## Data in this exercise:
--------------------
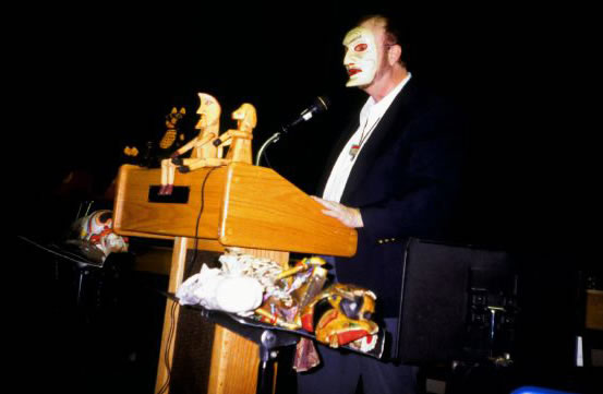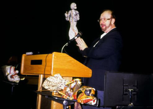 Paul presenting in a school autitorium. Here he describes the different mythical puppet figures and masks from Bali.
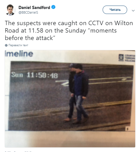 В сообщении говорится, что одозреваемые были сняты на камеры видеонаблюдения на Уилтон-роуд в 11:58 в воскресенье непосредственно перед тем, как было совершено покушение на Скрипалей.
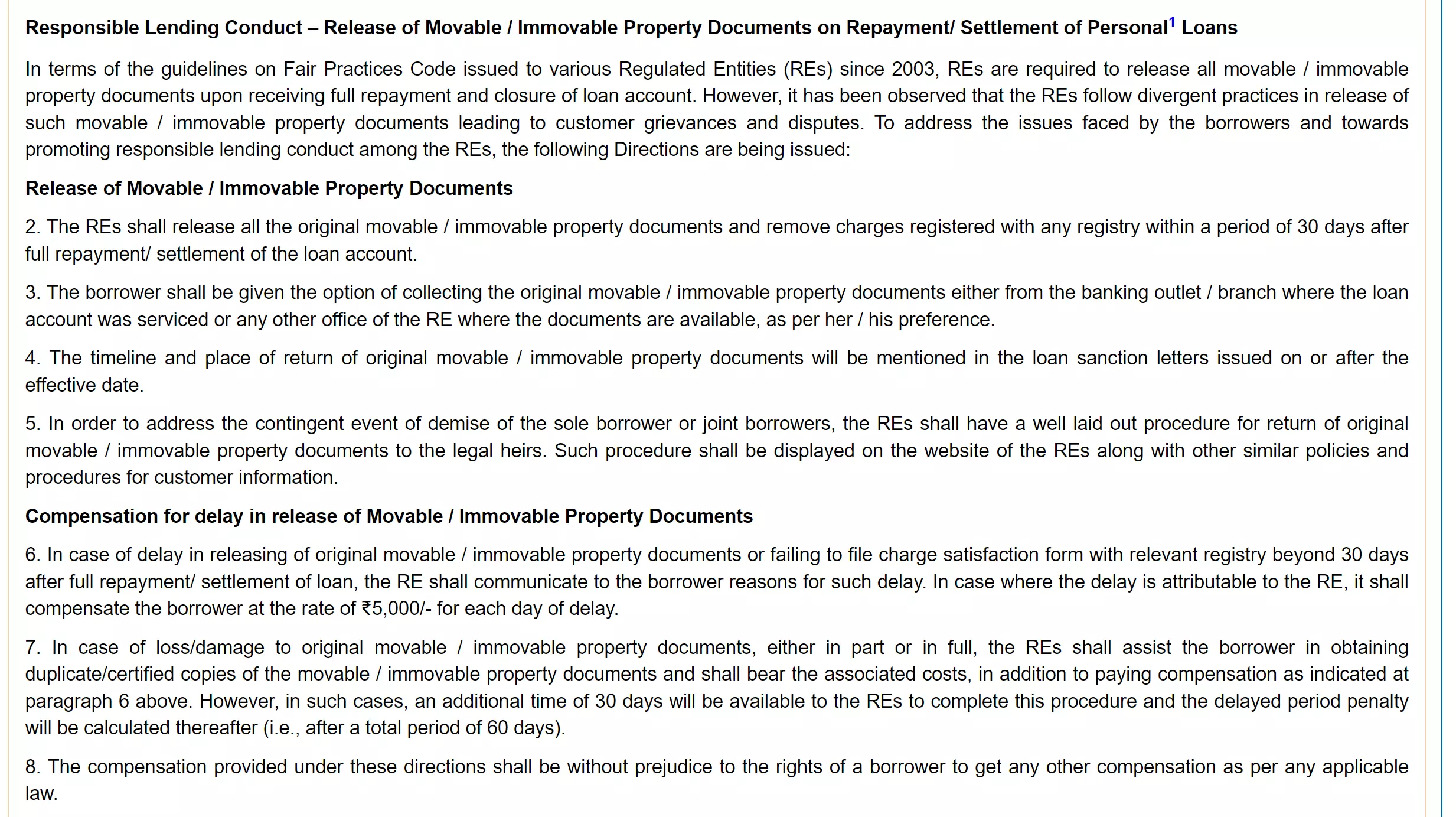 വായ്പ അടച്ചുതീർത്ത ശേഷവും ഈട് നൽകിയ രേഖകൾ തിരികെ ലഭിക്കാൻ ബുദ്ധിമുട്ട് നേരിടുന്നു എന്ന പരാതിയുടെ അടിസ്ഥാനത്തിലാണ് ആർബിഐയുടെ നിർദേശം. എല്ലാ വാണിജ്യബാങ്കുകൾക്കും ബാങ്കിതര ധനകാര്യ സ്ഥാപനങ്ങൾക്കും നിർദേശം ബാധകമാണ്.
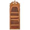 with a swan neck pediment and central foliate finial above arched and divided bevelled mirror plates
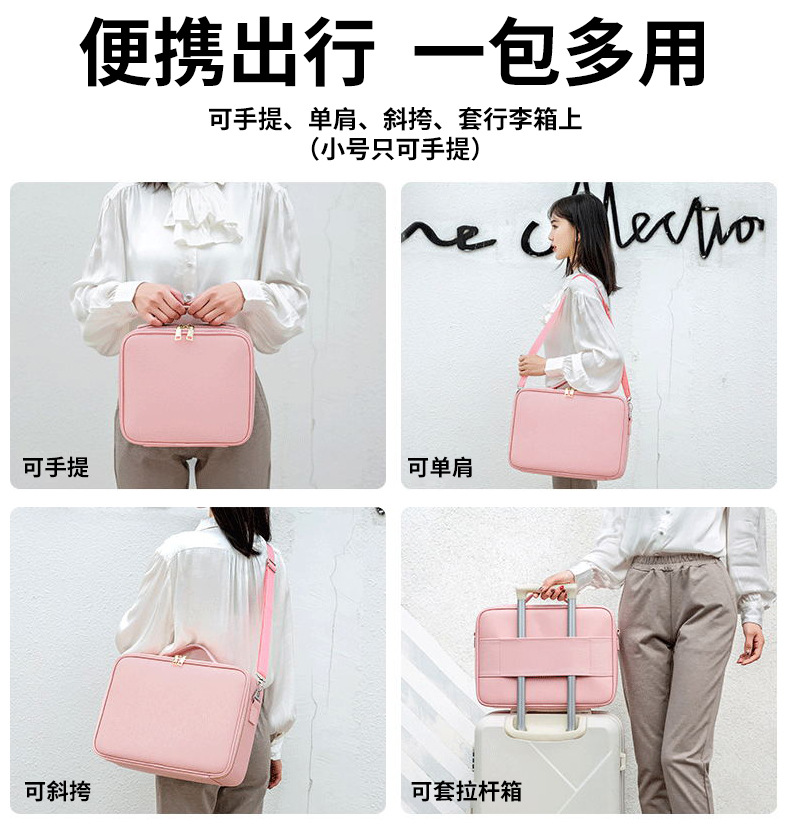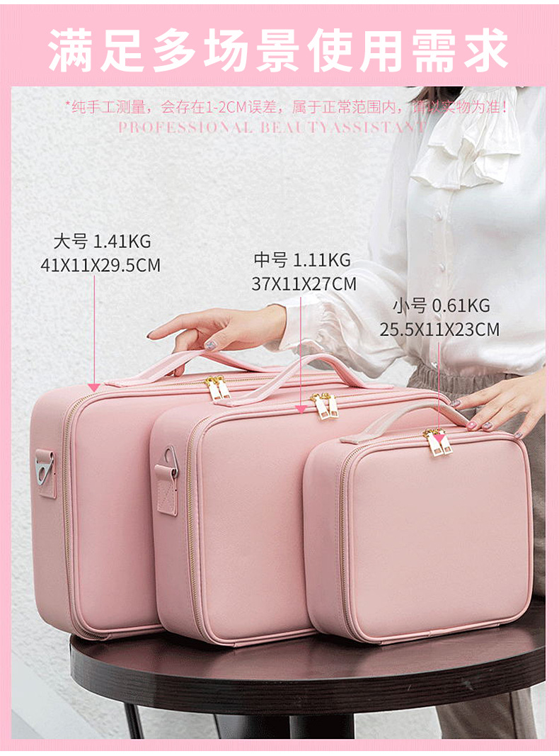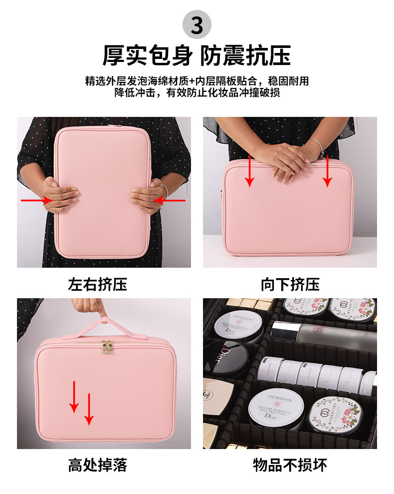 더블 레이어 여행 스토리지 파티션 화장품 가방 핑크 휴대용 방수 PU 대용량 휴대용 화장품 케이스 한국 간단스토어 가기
--------------------
## Required action:
Give back the material word for word, leaving out its pictures.

## Answer box:
 Paul presenting in a school autitorium. Here he describes the different mythical puppet figures and masks from Bali.
 В сообщении говорится, что одозреваемые были сняты на камеры видеонаблюдения на Уилтон-роуд в 11:58 в воскресенье непосредственно перед тем, как было совершено покушение на Скрипалей.
 വായ്പ അടച്ചുതീർത്ത ശേഷവും ഈട് നൽകിയ രേഖകൾ തിരികെ ലഭിക്കാൻ ബുദ്ധിമുട്ട് നേരിടുന്നു എന്ന പരാതിയുടെ അടിസ്ഥാനത്തിലാണ് ആർബിഐയുടെ നിർദേശം. എല്ലാ വാണിജ്യബാങ്കുകൾക്കും ബാങ്കിതര ധനകാര്യ സ്ഥാപനങ്ങൾക്കും നിർദേശം ബാധകമാണ്.
 with a swan neck pediment and central foliate finial above arched and divided bevelled mirror plates
 더블 레이어 여행 스토리지 파티션 화장품 가방 핑크 휴대용 방수 PU 대용량 휴대용 화장품 케이스 한국 간단스토어 가기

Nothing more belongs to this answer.